[PROBLEM TO SOLVE] In the records below, find the line that holds "Öte yandan Al". Restate it and every later line exactly, stopping at the end and skipping pictures.

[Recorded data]
* * * * *

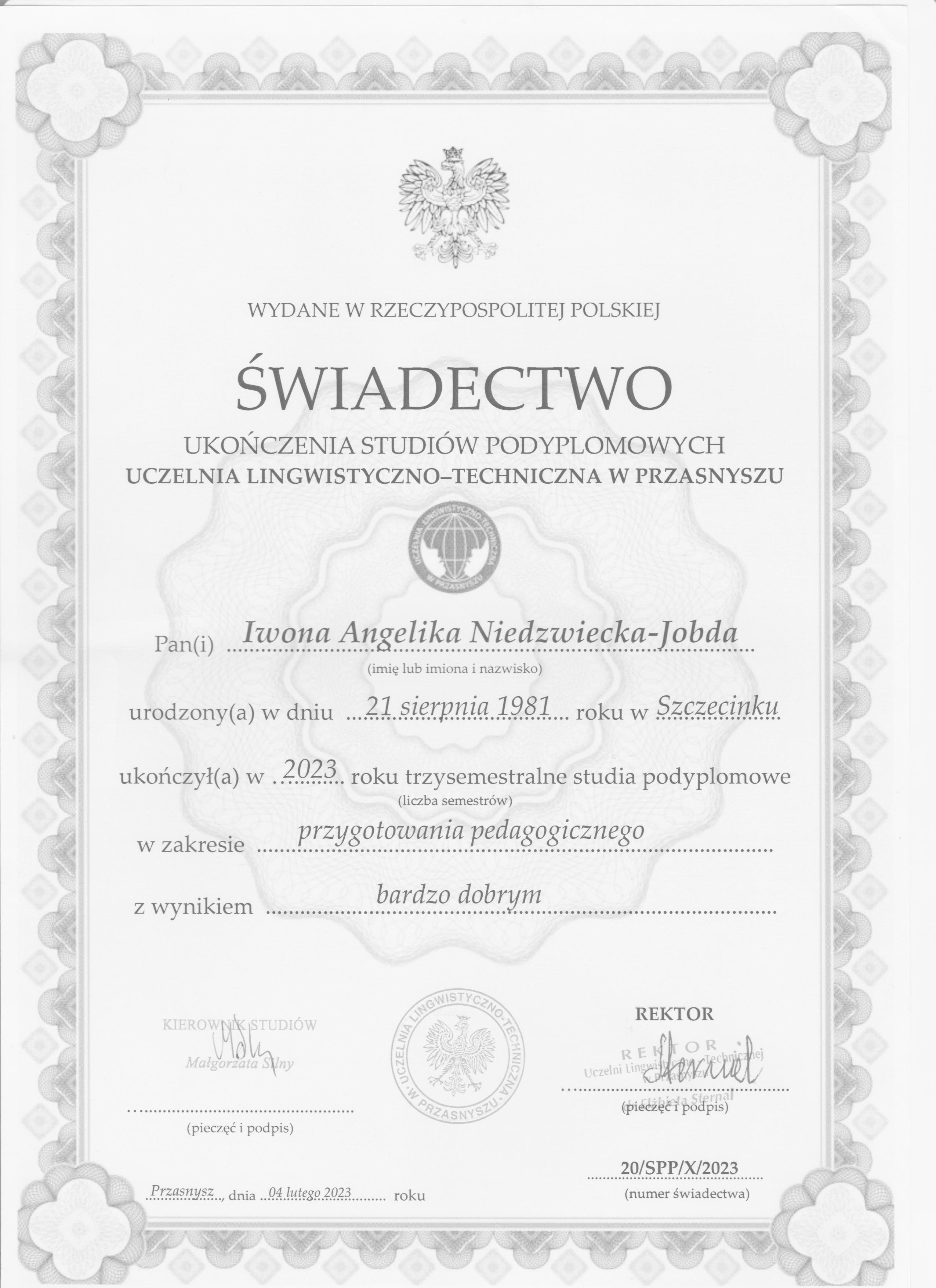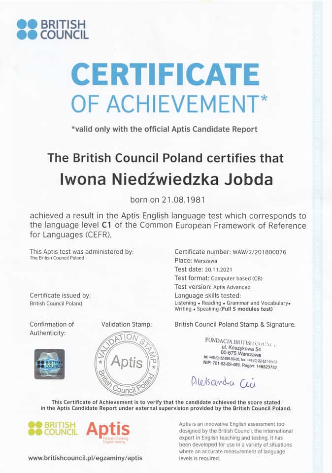 Moje kompetencje potwierdzają zarówno kwalifikacje metodyczne, jak i formalne wykształcenie: ukończyłem CELTA (UK) – jeden z najbardziej cenionych na świecie certyfikatów metodycznych dla nauczycieli angielskiego, posiadam studia podyplomowe z zakresu przygotowania pedagogicznego a także certyfikat potwierdzający zaawansowaną znajomość języka angielskiego.
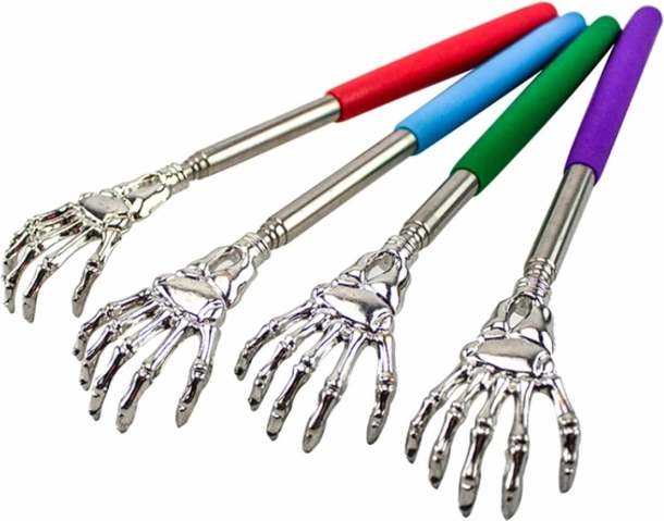 Praktiska teleskopiska muguras skrāpējamā roka ar skeleta rokas motīvu ātrai atvieglošanai no niezes jebkurā laikā un vietā. Pateicoties metāla izpildījumam un ērtajam putu rokturim, lietošana ir vienkārša un droša. Kompakts izmērs, regulējams garums 21–56 cm un izturīgs nerūsējošais tērauds padara to par ideālu piederumu mājās, birojā un ceļā.
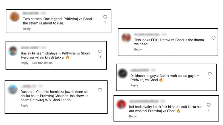 A user commented under the post, "Dushaman Ghori ke hamle ka jawaab dene aa chuka hai - Prithviraj Chauhan, is show ka naam Prithviraj vs Ghori kar do," while another wrote, "Itni badi rivalry ko bas ek hi naam suit karta hai aur wo hai Prithviraj vs Ghori". Another netizen wrote, "This looks epic. Prithviraj vs Ghori is the drama we need!"
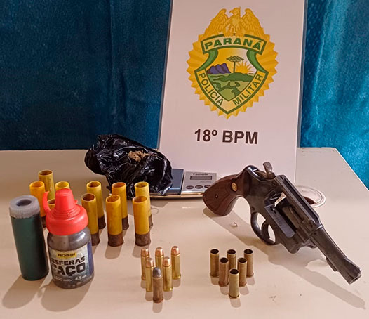 Com o indivíduo, a PM apreendeu um revólver Taurus, calibre .38, com seis munições intactas. Em uma bolsa, foram encontradas mais seis munições deflagradas do mesmo calibre e uma porção de maconha.
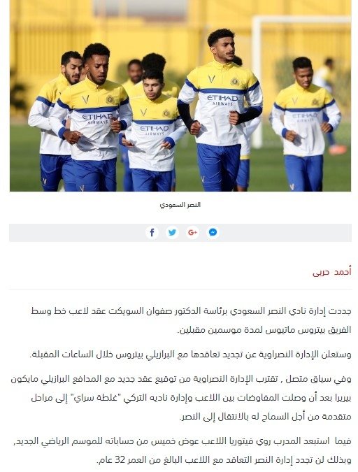 Öte yandan Al Nasr yönetimi, Türk kulübü Galatasaray ile görüşmelerinde sona geldi. Bu transfer görüşmesinin nihai karara bağlanması ve Brezilyalı savunmacı Maicon ile yeni bir sözleşme imzalanması artık çok yakın."
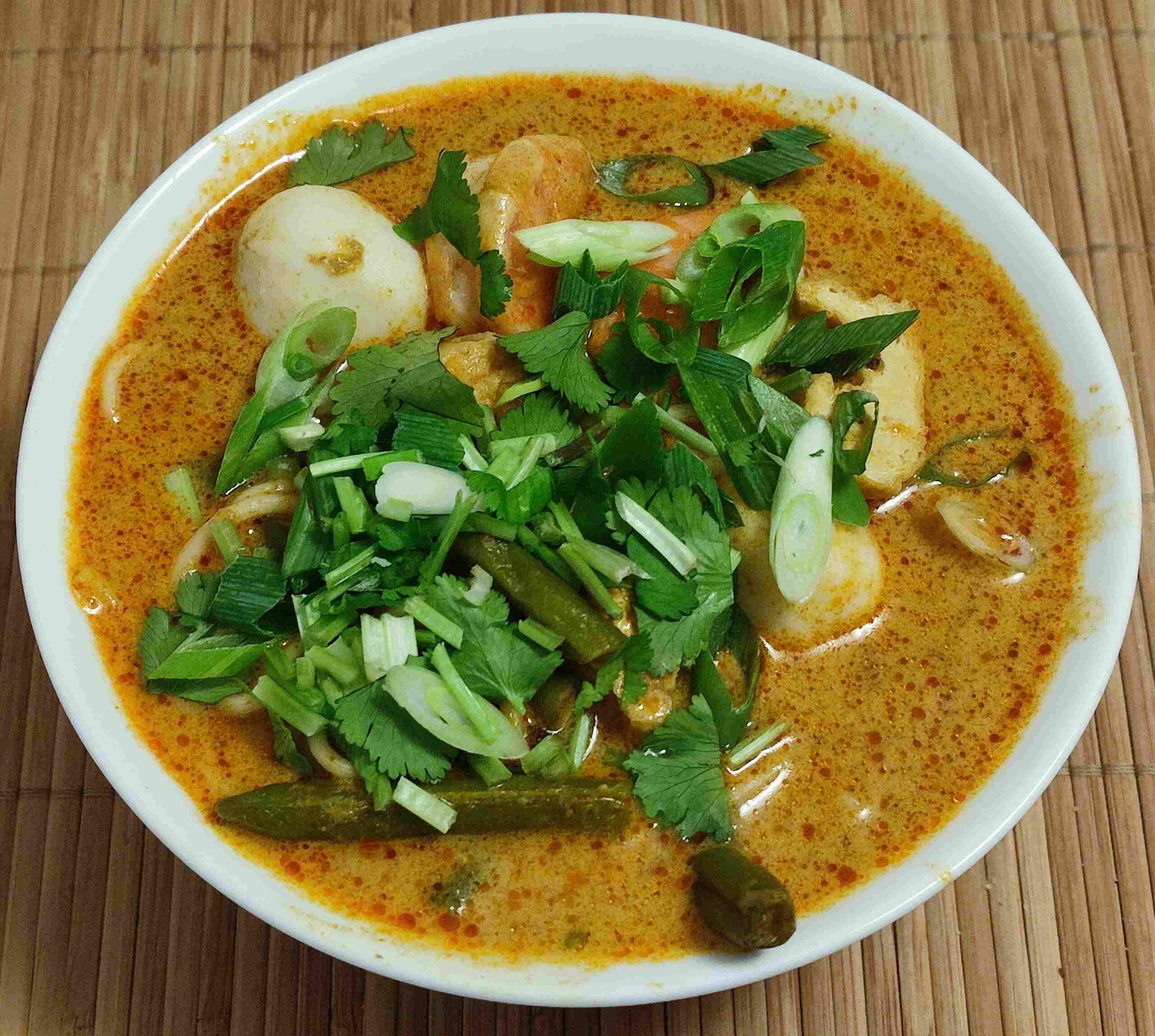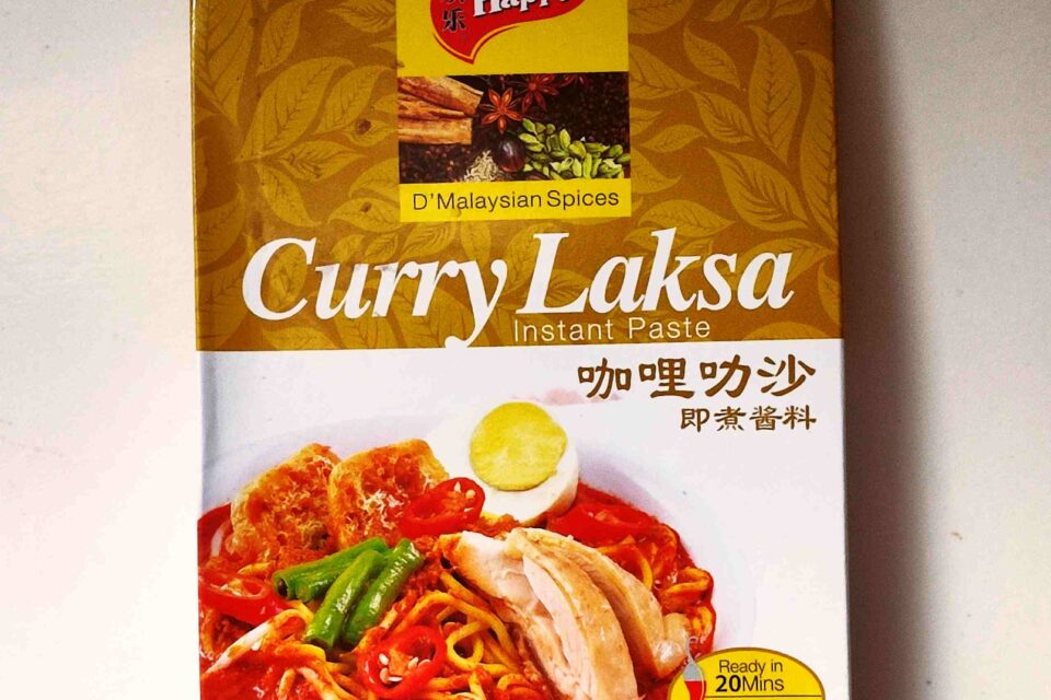 Der Name sagt es schon – das hier ist eine Curry-Laksapaste. Außerdem benötigt werden Kokosmilch, Gemüse, Protein und Nudeln (nach persönlichem Geschmack Reis- oder auch Weizennudeln). Außerdem werden vorgeschlagen fritierter Tofu , blanchierte Mungbohnensprossen, als „Topping“ gedämpftes Huhn, gekochte Shrimps und/oder Fischbällchen.

* * * * *

[RESULT]
 Öte yandan Al Nasr yönetimi, Türk kulübü Galatasaray ile görüşmelerinde sona geldi. Bu transfer görüşmesinin nihai karara bağlanması ve Brezilyalı savunmacı Maicon ile yeni bir sözleşme imzalanması artık çok yakın."
 Der Name sagt es schon – das hier ist eine Curry-Laksapaste. Außerdem benötigt werden Kokosmilch, Gemüse, Protein und Nudeln (nach persönlichem Geschmack Reis- oder auch Weizennudeln). Außerdem werden vorgeschlagen fritierter Tofu , blanchierte Mungbohnensprossen, als „Topping“ gedämpftes Huhn, gekochte Shrimps und/oder Fischbällchen.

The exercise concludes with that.